Добавить в цитаты Настройки чтения

Страница 104 из 111

— Ещё раз предлагаю, — склонив голову, спрашивает Том.

И Гермиона находит своё преимущество в словах, потому что пытается оттянуть неизбежное.

— Ты говорил, что насильственный путь тоже не самая лучшая сторона! Почему ты думаешь, что это хороший вариант – применить ко мне пытки?!

— Нет, Гермиона, не лучшая сторона, — согласился Том. — Я покажу тебе позже беспроигрышный вариант.

— Н-но… Том, это же глупо! — пытается вразумить его та.

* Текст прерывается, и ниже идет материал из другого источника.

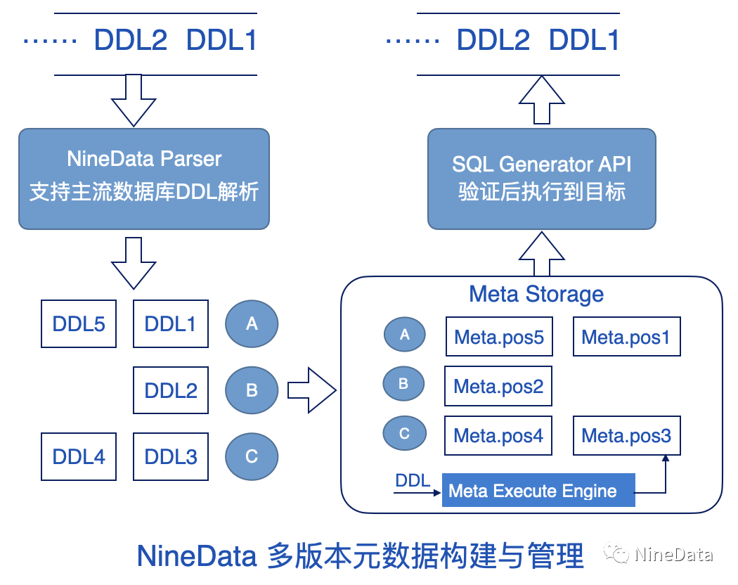 第二、Meta Execute Engine:对于源端的库表结构,以及后续的一系列增量DDL变更,ND-Parser会自动解析提取变更对象,并依次在内存结构中构建对象的Meta,并基于Meta按后续的DDL语句顺序进行增量变更,每一次变更都会在MetaStore中生成meta对象,相当于在内部构造了一个DDL语句执行器。
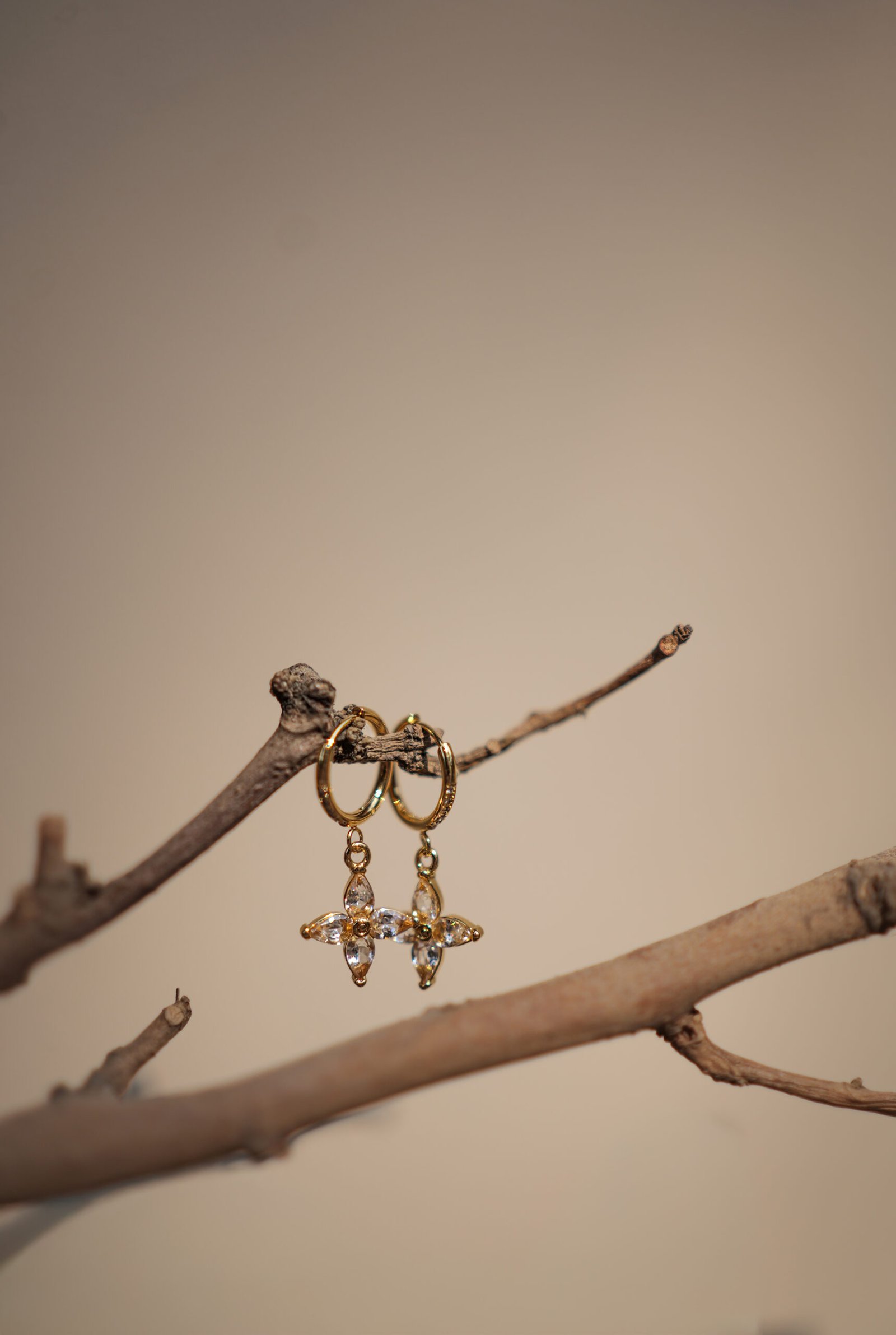 Be the first to review “Anti-Tarnish Gold Hoop Earrings with Crystal Flower Charm”

Он качает головой и смотрит на неё пустым взглядом.

— Твою мать, Риддл! Когда я выберусь из твоего чёртового дня, то…

— Что? Тоже будешь меня пытать?

— Я никогда не буду уподобляться тебе!

— Будешь. Я умею убеждать.

Гермиону перекосило от его елейного тона, и она зарычала:

— Ублюдок! Тварь!..

И пронзительный визг оглушил всю комнату – палочка дождалась момента, когда её можно использовать. Гермиона рухнула на диван головой и задёргалась, впиваясь в мягкую ткань пальцами и со всей силы сжимая её, словно пыталась разорвать в клочки. Её душераздирающий крик был сдавленным, и Том прекрасно чувствовал, как она сопротивляется этой боли, этим кинжалам, что воткнулись в каждый волокон нерва, этой невыносимой пытке, успокаивая себя тем, что лучше быть жертвой, чем игрушкой. Кажется, она снова определила, что ей до конца нужно оставаться жертвой, но в тот раз помогло беспамятство, а в этот раз Том не позволит ей такой роскоши. Её не унесёт чёрная тень в место, где всё спокойно и легко. Она будет здесь до тех пор, пока не согласится.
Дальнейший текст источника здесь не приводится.